Wa are proa — vessels with identical bow and stern, allowing the craft to reverse without turning. [A] They are made from hewn-out hulls, typically breadfruit trunks, [B] with single wide top-strakes, and carved head and stern pieces. [C] Sails are lateen rigged [D] and were traditionally made of pandanus mat sailcloth. [6] Benjamin Morrell recorded in the 1830s that sails were "made in small pieces of about three feet square, sewed together. In cutting the sail to its proper shape, the pieces which come off one side answer to go on the other; this gives it the proper form, and causes the halliards to be bent on in the middle of the yard." [E] After World War II sails switched to canvas, and after 1973 the use of dacron began to increase. [F]

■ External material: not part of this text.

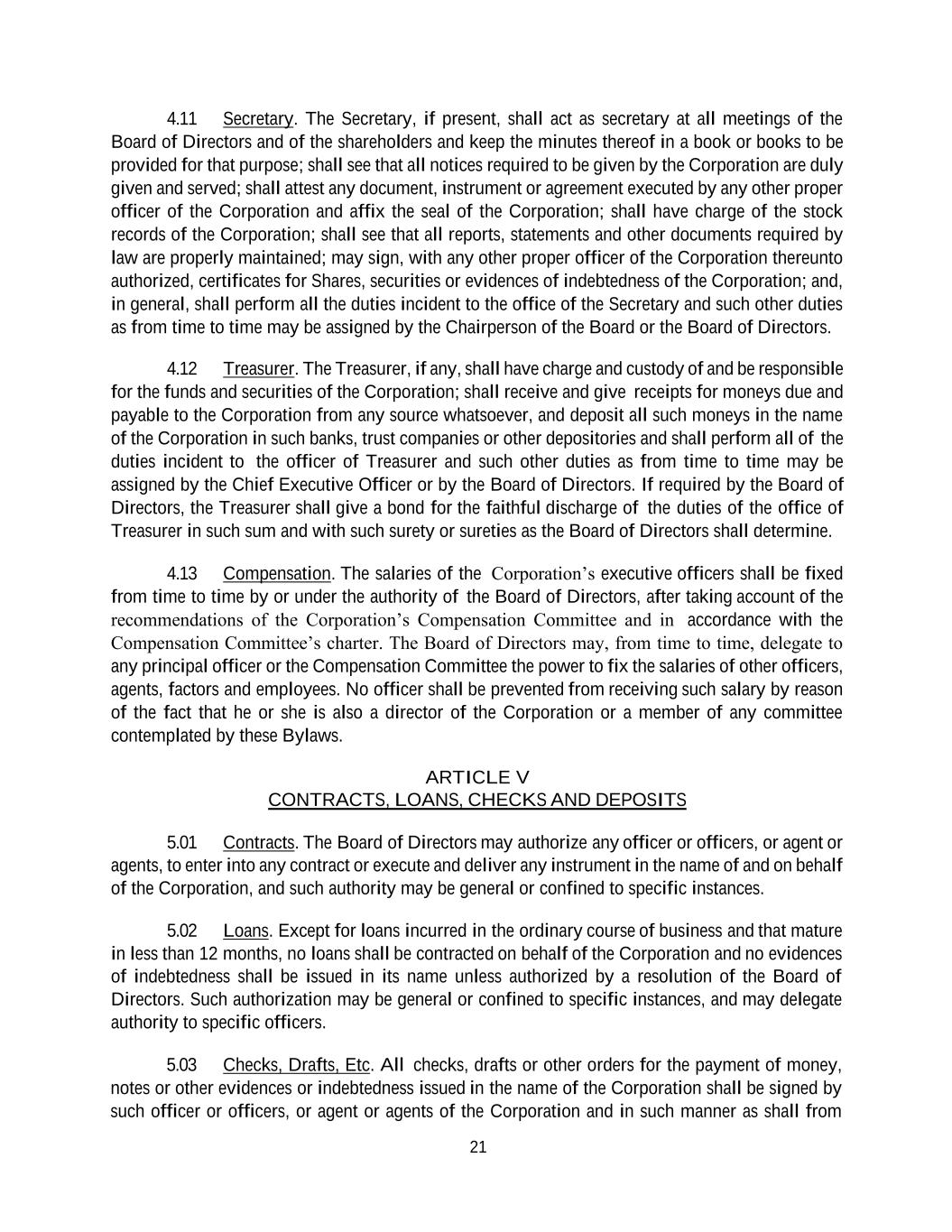 21 4.11 Secretary. The Secretary, if present, shall act as secretary at all meetings of the Board of Directors and of the shareholders and keep the minutes thereof in a book or books to be provided for that purpose; shall see that all notices required to be given by the Corporation are duly given and served; shall attest any document, instrument or agreement executed by any other proper officer of the Corporation and affix the seal of the Corporation; shall have charge of the stock records of the Corporation; shall see that all reports, statements and other documents required by law are properly maintained; may sign, with any other proper officer of the Corporation thereunto authorized, certificates for Shares, securities or evidences of indebtedness of the Corporation; and, in general, shall perform all the duties incident to the office of the Secretary and such other duties as from time to time may be assigned by the Chairperson of the Board or the Board of Directors. 4.12 Treasurer. The Treasurer, if any, shall have charge and custody of and be responsible for the funds and securities of the Corporation; shall receive and give receipts for moneys due and payable to the Corporation from any source whatsoever, and deposit all such moneys in the name of the Corporation in such banks, trust companies or other depositories and shall perform all of the duties incident to the officer of Treasurer and such other duties as from time to time may be assigned by the Chief Executive Officer or by the Board of Directors. If required by the Board of Directors, the Treasurer shall give a bond for the faithful discharge of the duties of the office of Treasurer in such sum and with such surety or sureties as the Board of Directors shall determine. 4.13 Compensation. The salaries of the Corporation’s executive officers shall be fixed from time to time by or under the authority of the Board of Directors, after taking account of the recommendations of the Corporation’s Compensation Committee and in accordance with the Compensation Committee’s charter. The Board of Directors may, from time to time, delegate to any principal officer or the Compensation Committee the power to fix the salaries of other officers, agents, factors and employees. No officer shall be prevented from receiving such salary by reason of the fact that he or she is also a director of the Corporation or a member of any committee contemplated by these Bylaws. ARTICLE V CONTRACTS, LOANS, CHECKS AND DEPOSITS 5.01 Contracts. The Board of Directors may authorize any officer or officers, or agent or agents, to enter into any contract or execute and deliver any instrument in the name of and on behalf of the Corporation, and such authority may be general or confined to specific instances. 5.02 Loans. Except for loans incurred in the ordinary course of business and that mature in less than 12 months, no loans shall be contracted on behalf of the Corporation and no evidences of indebtedness shall be issued in its name unless authorized by a resolution of the Board of Directors. Such authorization may be general or confined to specific instances, and may delegate authority to specific officers. 5.03 Checks, Drafts, Etc. All checks, drafts or other orders for the payment of money, notes or other evidences or indebtedness issued in the name of the Corporation shall be signed by such officer or officers, or agent or agents of the Corporation and in such manner as shall from

Early accounts agreed upon "a lee-platform on the side opposite to the outrigger-frame, which also has a large platform of poles laid athwart its booms, whereon men are stationed to counterbalance any excessive heeling over toward the lee side when the wind increases in force". [2] The windward float stabilizes the craft. This occurs "by its weight rather than its buoyancy. When the float becomes submerged in a wave its increased drag swings the canoe slightly around into the wind, thereby relieving some of the wind pressure on the sail. The canoe slows down temporarily and allows the float to rise again." [G] This design feature also acts to reduce drift by tending to place the wind toward the beam or side of the craft. [H]
On Poluwat, the skill of canoe building is called héllap ("great rigging"), and different schools of canoe carpentry include hálinruk ("Rope of Truk") and hálinpátu ("Rope of the four Western Islands"). [I]
On Yap (at least the Yap Main Islands), canoes in general are known as m'uw. The open-ocean type with the two-pronged "tails" are called powpow (linguistically similar to the Polynesian paopao but different in design and purpose). While very similar in design to the wa of the rest of the Caroline Islands, one of the few distinctions between the two versions is the two-pronged tails; the Yap Main Islands' version tends to be a bigger ornament compared to the more wood-conservative version found in the tree-scarce atolls of the Carolines. [11]
Wa may be sailed over long distances, paddled, or moved by punting. [12] One analysis of wa under sail indicated "conclusively that these primitive craft are superior to a modern boat on significant points of sailing." [1] They were estimated by Anson in 1776 to be able to move at or perhaps beyond wind speed, and to have better windward pointing ability than any craft previously encountered. [J] Several early western observers stated they were "capable of 22 knots (41 km/h; 25 mph) for sustained periods". [K] Edwin Doran, author of Wangka: Austronesian Canoe Origins (1981), cited a 14-knot (26 km/h; 16 mph) average for a wa traveling from Guam to Manila. [14] Benjamin Morrell reported in 1831 that he had "seen these boats going at the rate of eight miles per hour (13 km/h), within four points of the wind" and that he had "no doubt but they will go at the rate of twelve or thirteen [13 miles (21 km)] miles an hour in smooth water". [L]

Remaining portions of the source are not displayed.